Nursing Mothers: Like many other drugs, paroxetine is secreted in human milk. Because of the potential for serious adverse reactions in nursing infants from PEXEVA, a decision should be made whether to discontinue nursing infants or to discontinue the drug, taking into account the importance of the drug to the mother.
Pediatric Use: The safety and effectiveness of PEXEVA in pediatric patients have not been established. Effectiveness was not demonstrated in three placebo-controlled trials in 752 paroxetine-treated pediatric patients with MDD.
Antidepressants increase the risk of suicidal thoughts and behaviors in pediatric patients. Decreased appetite and weight loss have been observed in association with the use of SSRIs.
Geriatric Use: In premarketing clinical trials with immediate-release paroxetine, 17% of paroxetine-treated patients (approximately 700) were 65 years of age or older. Pharmacokinetic studies revealed a decreased clearance in the elderly, and a lower starting dose is recommended; however, no overall differences in safety or effectiveness were observed between these subjects and younger subjects.

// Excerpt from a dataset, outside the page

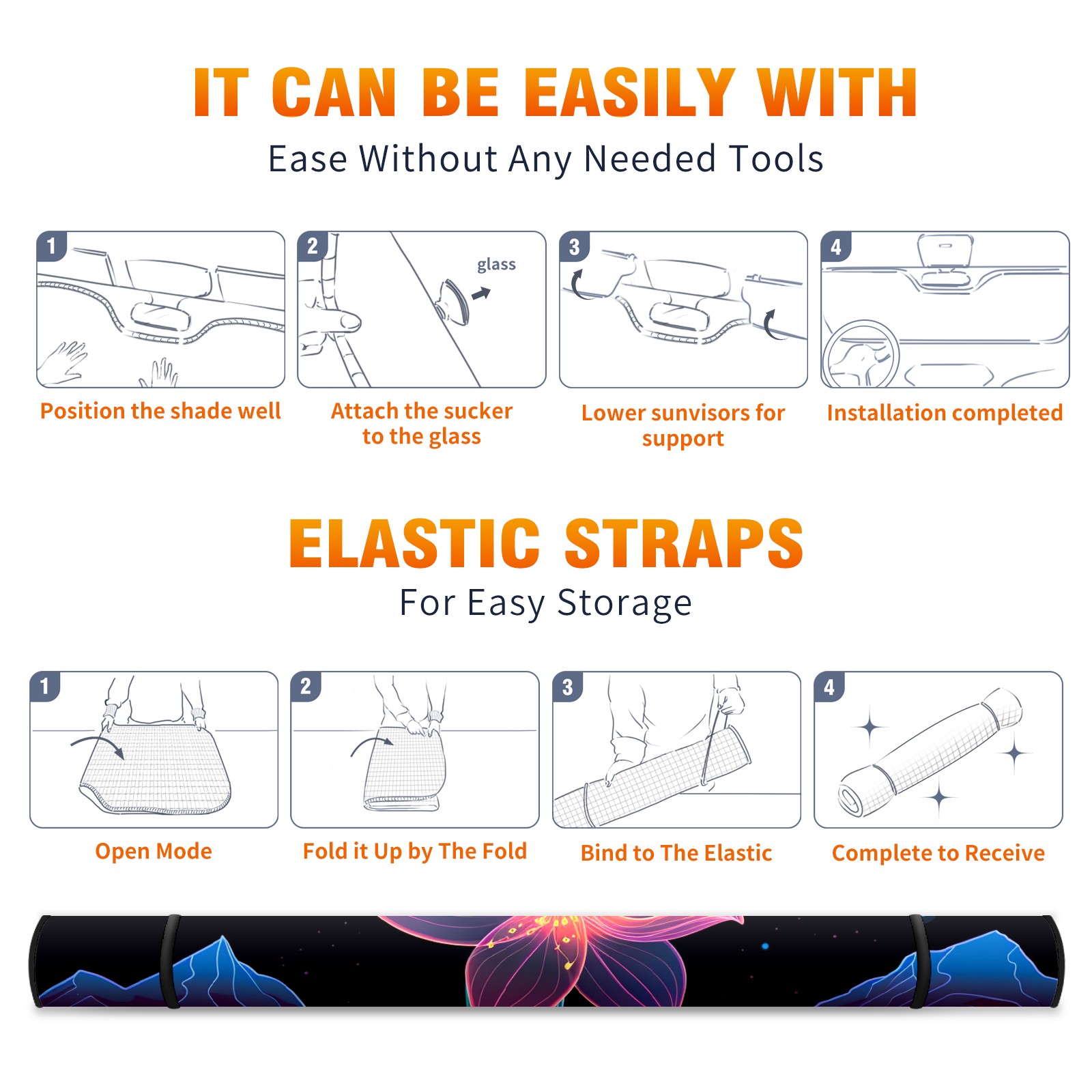 Diameter /Size 63"L x 33.5"W</b><br> Made from excellent materials which makes it sturdy and protects the car from the sun. Easy to use and pack. Makes the interior of the car cooler.You can easily stash the sunshade in the storage bag or store long term.It open and closes easy. Also the leather storage bag is durable and easy to put the umbrella back into.This windshield sunshade provides complete coverage and keeps your car interior cool under direct sun. It is easy to open and position under the windshield and around the rear-view mirror. Makes Your Car Easy To Identify, Perfect For Finding Your Car In Crowded Parking Lots And Garages.Great Choice: It Is A Great Gift For Dad, Boyfriend, Brother, Brother And Uncle, Friends, Classmates, Family And So On.<br> Notice:</b><br> Due To Difference Computer Monitors, The Color Maybe Slightly Different From Picture. As Different Measurement Methods, Measurement Data Will Float Within 2%.I Hope You Understand.<br> If You Have Any Question About The Item Please Do Not Hesitate To Contact Us Immediately And We Will Give You A Satisfactory Reply Within 24 Hours.

SSRIs, including PEXEVA, have been associated with cases of clinically significant hyponatremia in elderly patients, who may be at greater risk for this adverse reaction.
Renal and/or Hepatic Impairment: Increased plasma concentrations of paroxetine occur in patients with renal and hepatic impairment. The initial dosage of PEXEVA should be reduced in patients with severe renal impairment and patients with severe hepatic impairment.
The following have been reported with paroxetine tablet overdosage:
Seizures, which may be delayed, and altered mental status including coma.
Cardiovascular toxicity, which may be delayed, including QRS and QTc interval prolongation. Hypertension most commonly seen, but rarely can see hypotension alone or with co-ingestants including alcohol.
Serotonin syndrome (patients with a multiple drug overdosage with other pro-serotonergic drugs may have a higher risk).
Gastrointestinal decontamination with activated charcoal should be considered in patients who present early after a paroxetine overdose.